ABOUT THIS EXERCISE: Within the lines below, the span from the line with "Dans la 1ère" to the line with "I am lucky to", both ends included, is to be reproduced exactly, with pictures omitted.

DATA:
++++++++++++++++++++

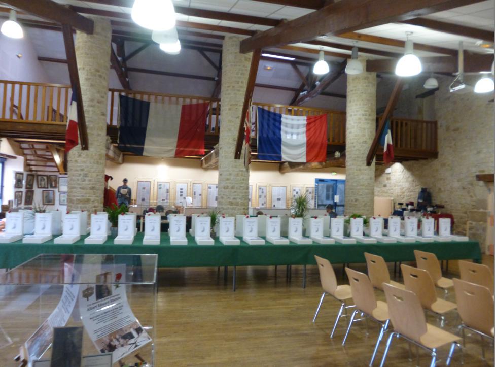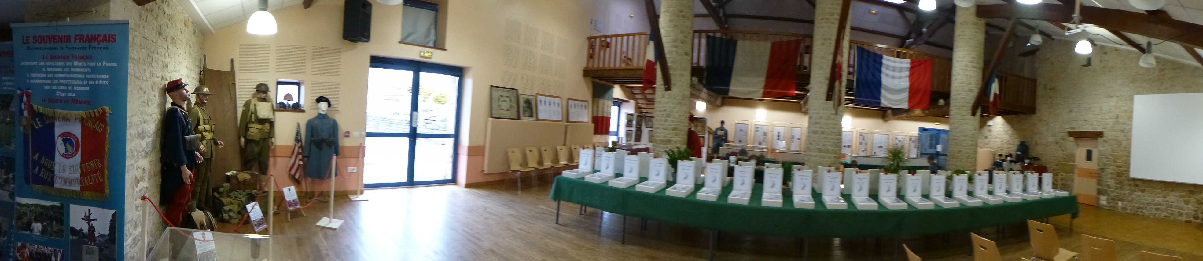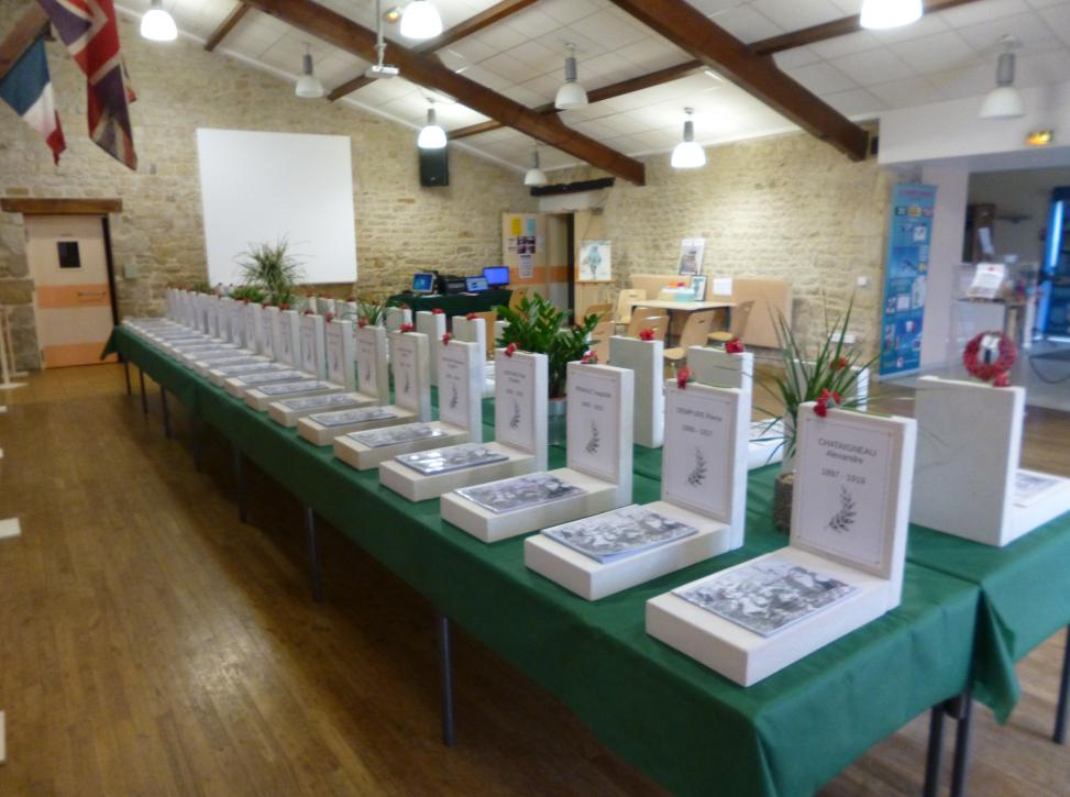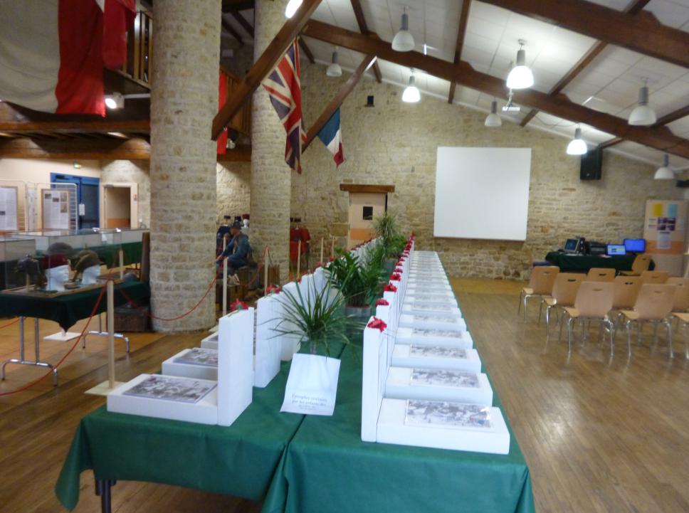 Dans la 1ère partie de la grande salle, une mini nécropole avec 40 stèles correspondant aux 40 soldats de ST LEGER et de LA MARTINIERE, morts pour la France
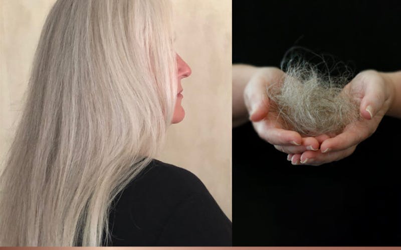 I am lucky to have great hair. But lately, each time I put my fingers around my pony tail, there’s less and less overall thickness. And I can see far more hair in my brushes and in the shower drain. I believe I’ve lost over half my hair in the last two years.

++++++++++++++++++++

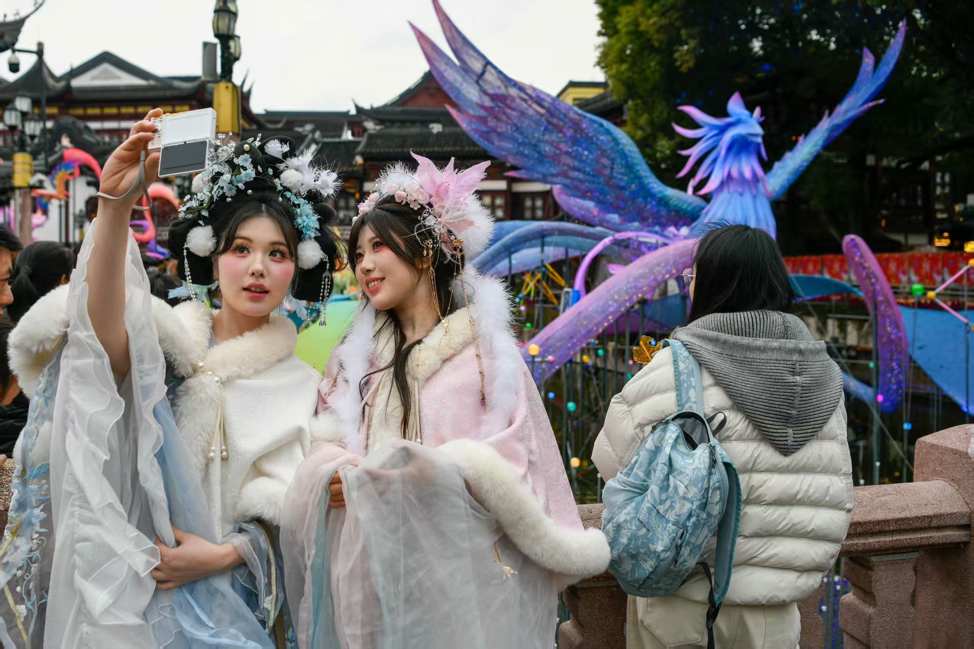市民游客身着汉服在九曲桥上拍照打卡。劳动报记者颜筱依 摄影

++++++++++++++++++++

OUTPUT FOR THIS TASK:
 Dans la 1ère partie de la grande salle, une mini nécropole avec 40 stèles correspondant aux 40 soldats de ST LEGER et de LA MARTINIERE, morts pour la France
 I am lucky to have great hair. But lately, each time I put my fingers around my pony tail, there’s less and less overall thickness. And I can see far more hair in my brushes and in the shower drain. I believe I’ve lost over half my hair in the last two years.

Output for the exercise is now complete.